These are exactly the fixed stars that I set my eyes on while riding the volume/efficiency curves of mainstream flash products. Always find it useful to keep the best case scenarios in mind.
An interesting data point. For a commodity SSD, reading a small random block of mapped data takes about 250us while reading an unmapped (empty) SSD takes about 70us. Gives a feel for how much of the latency is due to drivers/interfaces versus the organization of the flash inside the drive.
At Tintri, we use the most cost effective flash that is available with good reliability and performance and are not wedded to any particular form factor.
Sun/Oracle did exactly that. They developed a clean-sheet architecture to implement NAND flash in computers while addressing the issues of latency, bandwidth, cost. I am surprised Robin did not mention it 🙂
“Oracle’s Sun Flash Module is the world’s first enterprise-quality, open-standard Flash device designed and built to an industry-standard SO-DIMM form factor”: http://www.oracle.com/us/products/servers-storage/storage/disk-storage/043963.html
Does anyone here have thoughts they would like to share about SCSI express (-which is referenced in the post by Marcus). Will it effectively bridge the gap between SSD’s and internal flash or do we need to replace SCSI entirely?

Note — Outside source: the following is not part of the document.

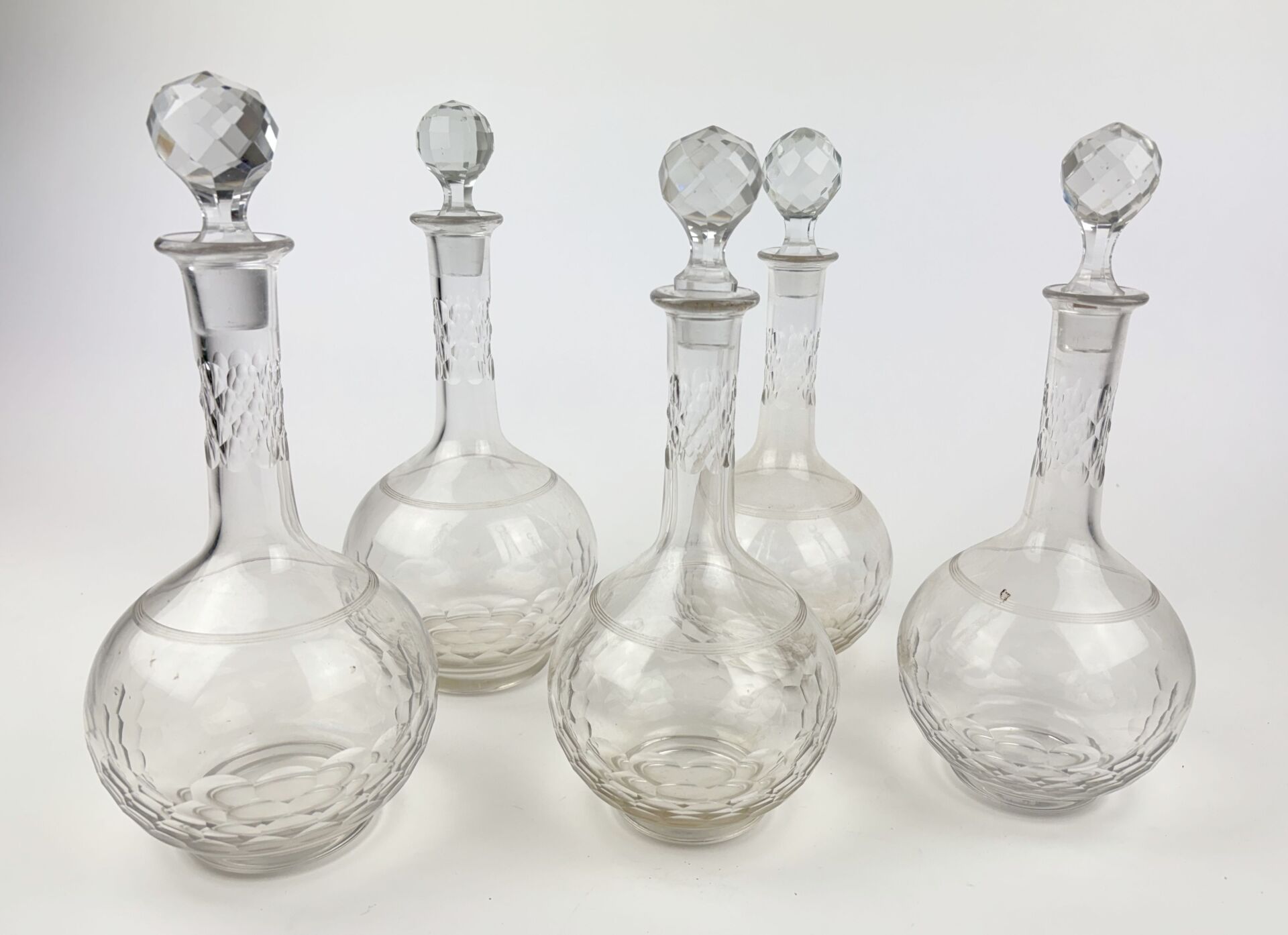 BACCARAT, attribué à Modèle Chauny - Suite de 2 carafes à vin rouge et 3 carafes à vin blanc en cristal taillé à motif nid d'abeille

Are SSD based arrays a bad idea?
As with many things involved with moving, processing and storing binary digital data, it depends. Sure, there are some scenarios as others have pointed out where putting a drive form factor SSD is not the most applicable solution. Likewise, there are times where SSD in a drive form factor in a storage array or storage system or appliance make perfect sense, just as there is a place for server side PCIe target and cache cards.
Thus, it depends, however in general, no, SSD in storage arrays or appliances or systems are not a bad idea for many environments.
Here is the first in a two part series that sheds more light with additional perspectives including when, where, why along with what to use regarding SSD. The question after all is not if, rather when, where and with what.
Why SSD based arrays and storage appliances can be a good idea (Part I)
http://storageioblog.com/?p=2823
Cheers
gs
Here are the counter arguments for why Flash in a drive form factor is better than Flash in DIMM card form factor.
1. The DIMM card form factor is currently delivered in 2 forms:
a) On mother board inside a server (DAS). eg. Fusion IO
b) Monolithic appliances whose capacities extend to 100TB.
eg. Violin Memory
[1a] has the following problems:
– limited space on mother board
– DAS makes delivery of storage applications like backup & disaster
recovery much more complicated.
– Operational costs are higher even as Cap costs are lower. The
Google, Facebook, iCloud private cloud model does not work for
enterprises who primary business is something other than IT and
so cannot afford to hire 1000s of engineers to support their IT
infrastructure. Google, Facebook and iCloud are in the business of
selling IT infrastructure (directly or indirectly). They start with
a baseline operations cost that are high. So they look for ways to
skimp on CAPEX costs.
[1b] has the following problems:
– In the event of failure, you loose the entire appliance.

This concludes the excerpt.